# ACTIVITY:
Without any of its pictures, the listing below should be output exactly.

# RECORDS SUPPLIED:
=======
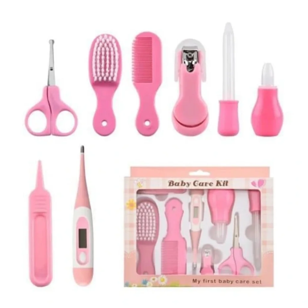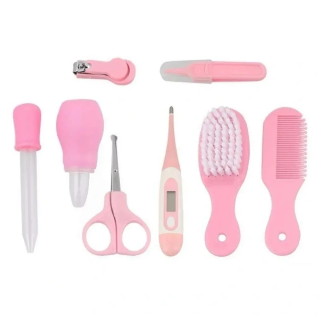 8 PARÇA BEBEK BAKIM SETİ PEMBE RENKÜrün Özellikleri8 Parça Bebek Bakım Seti, bebeklerin temel kişisel bakım ihtiyaçlarını karşılamak için özel olarak tasarlanmış bir settir. Ebeveynlerin günlük bakım rutinlerini kolaylaştıran bu set, bebeklerin sağlığını ve konforunu ön planda tutar. Set içindeki tırnak makası, bebeklerin hassas tırnakları için güvenli ve ergonomik bir yapıda tasarlanmıştır. Makas uçları yuvarlatılmış olup, bebekler için güvenli kesim sağlar. Cımbız, bebek kulakları ve burun gibi hassas bölgelerde hijyen sağlamak amacıyla kullanılır. Burun aspiratörü, bebeklerin burunlarını nazikçe temizlemek için idealdir. Fırça, yumuşak kıllarıyla bebek saçına zarar vermeden bakım yapar. Tarak, düğümsüz ve nazik bir tarama deneyimi sunar. Termometre, vücut sıcaklığını dijital olarak ölçer. Damla şırıngası (damlalık), ilaç veya sıvı takviyelerini hassas bir şekilde vermek için kullanılır. Bu set, yenidoğan ve küçük bebeklerin bakımını düzenli şekilde yapabilmek için mükemmel bir çözüm sunar ve genellikle taşıma çantasıyla birlikte gelir.Paket İçeriği1 Adet 8 Parça Bebek Bakım Seti Pembe Renk
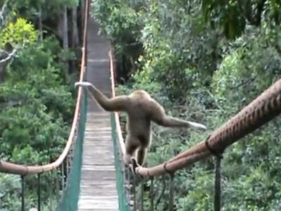南非「Monkey」灵长类保护区走吊桥钢索的长臂猿 猴子惨遭蟒蛇生吞 (神秘的地...
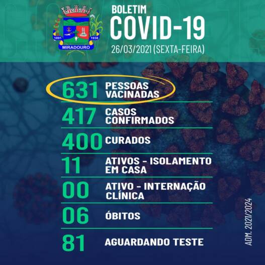 Confira abaixo o boletim epidemiológico, desta sexta-feira (26/03/2021).
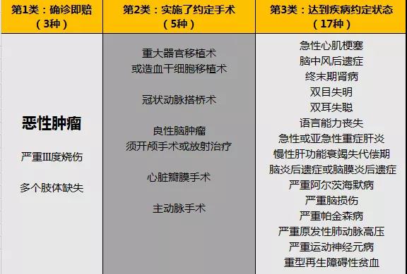 以這25種重疾為例,重疾的理賠大致可以分為三類:1、確診即賠;2、實施了某種手術才能賠;3、達到某種疾病狀態才能賠。
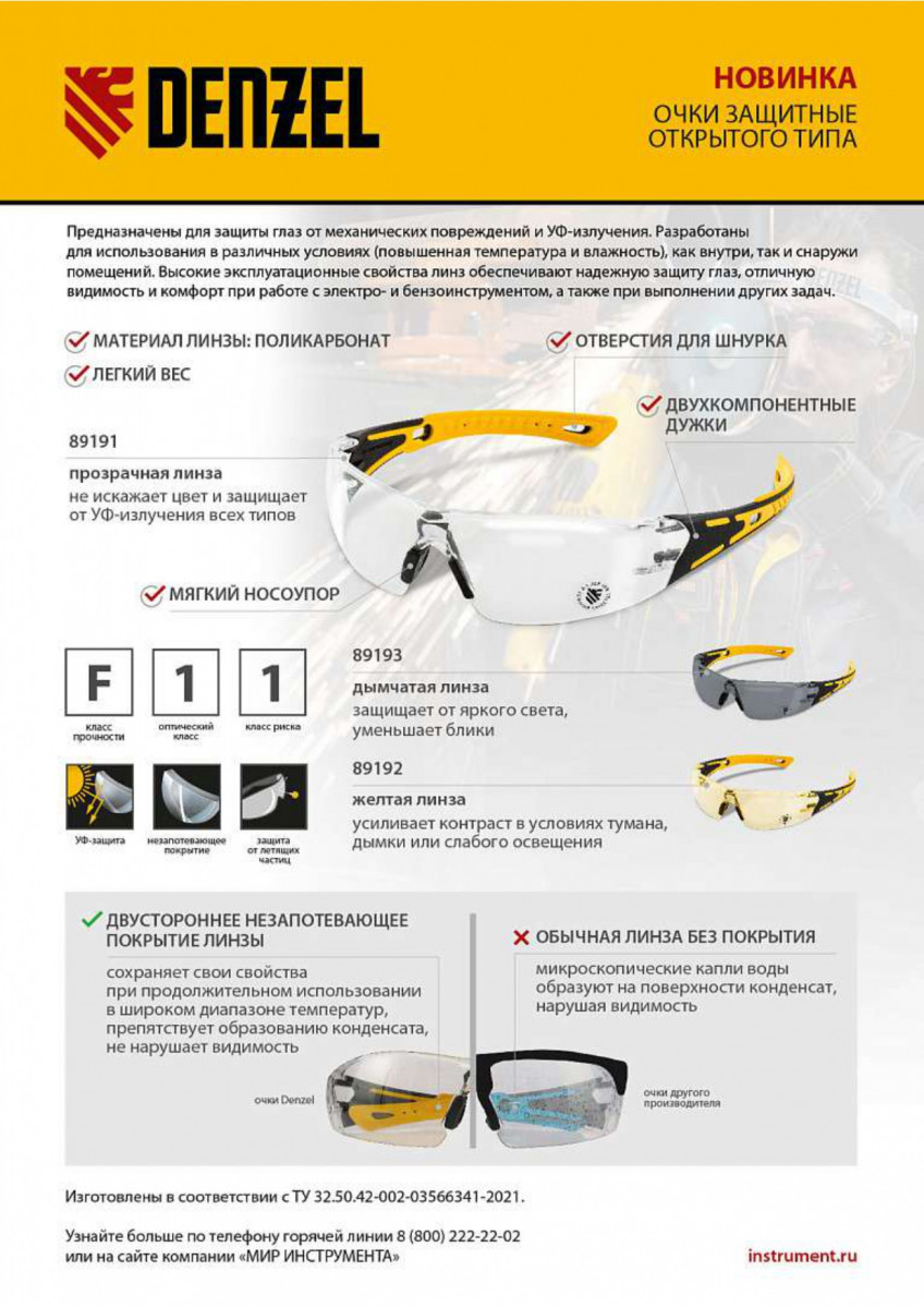 - Отличная видимость – на линзы нанесено двустороннее твердое незапотевающее покрытие в соответствии с ГОСТ 12.4.309.2-2016.
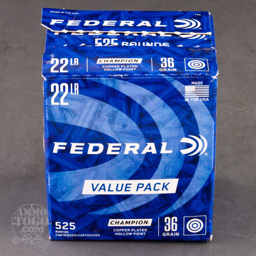 This is .22 Long Rifle Federal Champion 36gr. Copper Plated Hollow Point Ammo. This is some great inexpensive ammo for plinking or small game hunting. This ammo is packed in 525rd. value packs.
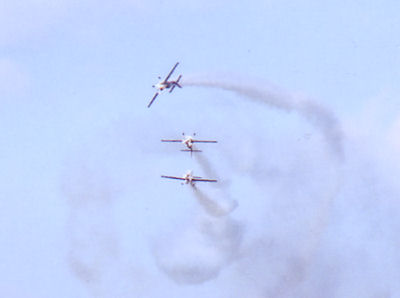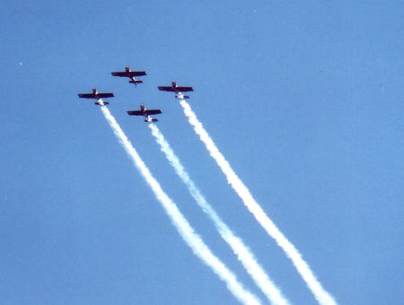 スモーク出しながら、横向きに低速飛行(ナイフエッジという技)でご挨拶!
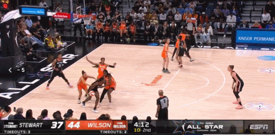 WNBA的首次扣篮则要等到2002年。在联盟成立第六年,洛杉矶火花队的丽莎-莱斯利——同时也是美国女篮传奇名宿——在对阵迈阿密索尔的比赛中快攻接球,狠狠将球砸进篮筐,随后张开双臂跑回后场,与队友相拥庆祝。
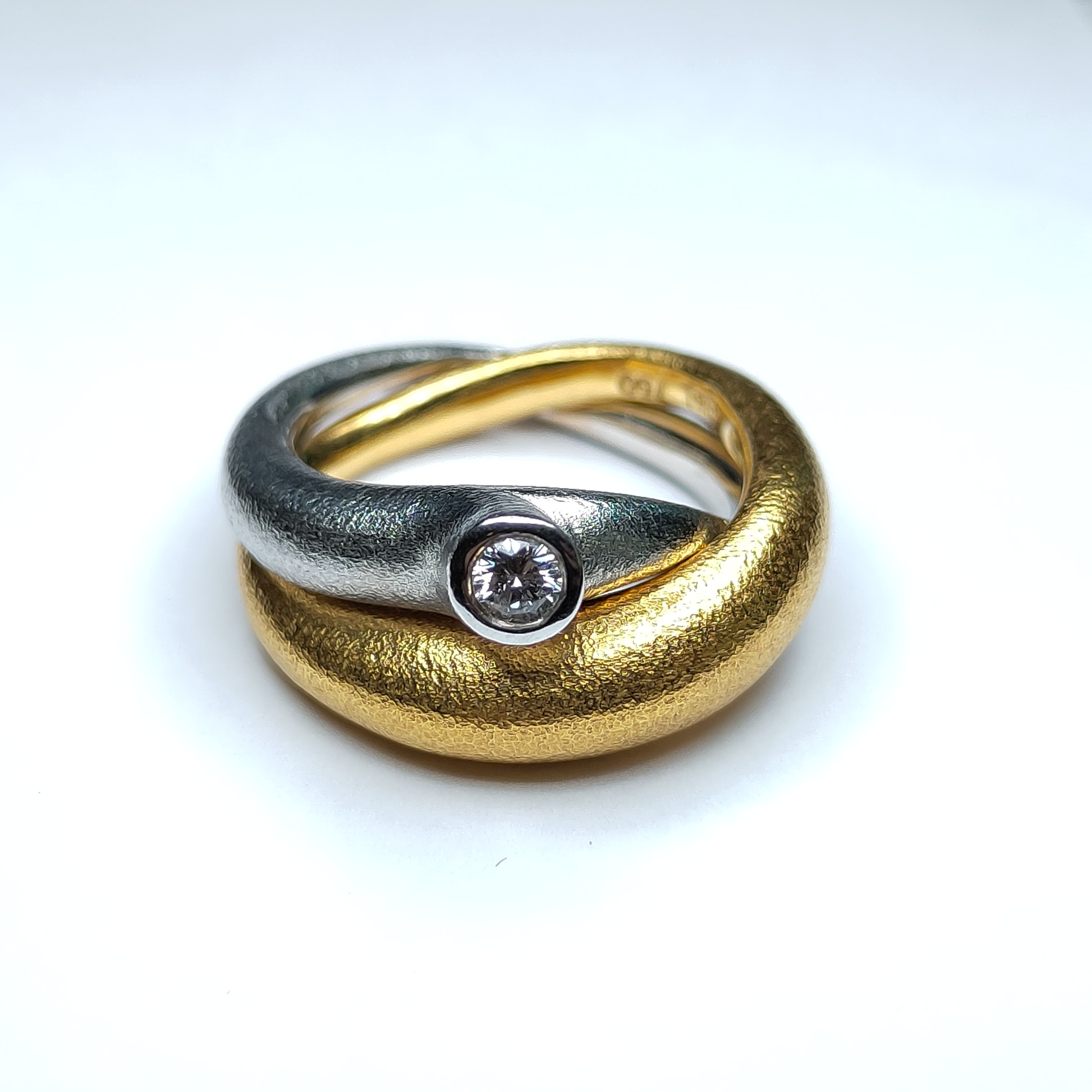 Fidelity Ring , Ring, von der Kollektion Love Bands, aus mattem Gelb- und Weissgold, AU750, mit Diamant farblos zu total 0.12 ct.Eigenschaften:
=======
# WRITTEN RESPONSE:
 8 PARÇA BEBEK BAKIM SETİ PEMBE RENKÜrün Özellikleri8 Parça Bebek Bakım Seti, bebeklerin temel kişisel bakım ihtiyaçlarını karşılamak için özel olarak tasarlanmış bir settir. Ebeveynlerin günlük bakım rutinlerini kolaylaştıran bu set, bebeklerin sağlığını ve konforunu ön planda tutar. Set içindeki tırnak makası, bebeklerin hassas tırnakları için güvenli ve ergonomik bir yapıda tasarlanmıştır. Makas uçları yuvarlatılmış olup, bebekler için güvenli kesim sağlar. Cımbız, bebek kulakları ve burun gibi hassas bölgelerde hijyen sağlamak amacıyla kullanılır. Burun aspiratörü, bebeklerin burunlarını nazikçe temizlemek için idealdir. Fırça, yumuşak kıllarıyla bebek saçına zarar vermeden bakım yapar. Tarak, düğümsüz ve nazik bir tarama deneyimi sunar. Termometre, vücut sıcaklığını dijital olarak ölçer. Damla şırıngası (damlalık), ilaç veya sıvı takviyelerini hassas bir şekilde vermek için kullanılır. Bu set, yenidoğan ve küçük bebeklerin bakımını düzenli şekilde yapabilmek için mükemmel bir çözüm sunar ve genellikle taşıma çantasıyla birlikte gelir.Paket İçeriği1 Adet 8 Parça Bebek Bakım Seti Pembe Renk
南非「Monkey」灵长类保护区走吊桥钢索的长臂猿 猴子惨遭蟒蛇生吞 (神秘的地...
 Confira abaixo o boletim epidemiológico, desta sexta-feira (26/03/2021).
 以這25種重疾為例,重疾的理賠大致可以分為三類:1、確診即賠;2、實施了某種手術才能賠;3、達到某種疾病狀態才能賠。
 - Отличная видимость – на линзы нанесено двустороннее твердое незапотевающее покрытие в соответствии с ГОСТ 12.4.309.2-2016.
 This is .22 Long Rifle Federal Champion 36gr. Copper Plated Hollow Point Ammo. This is some great inexpensive ammo for plinking or small game hunting. This ammo is packed in 525rd. value packs.
 スモーク出しながら、横向きに低速飛行(ナイフエッジという技)でご挨拶!
 WNBA的首次扣篮则要等到2002年。在联盟成立第六年,洛杉矶火花队的丽莎-莱斯利——同时也是美国女篮传奇名宿——在对阵迈阿密索尔的比赛中快攻接球,狠狠将球砸进篮筐,随后张开双臂跑回后场,与队友相拥庆祝。
 Fidelity Ring , Ring, von der Kollektion Love Bands, aus mattem Gelb- und Weissgold, AU750, mit Diamant farblos zu total 0.12 ct.Eigenschaften:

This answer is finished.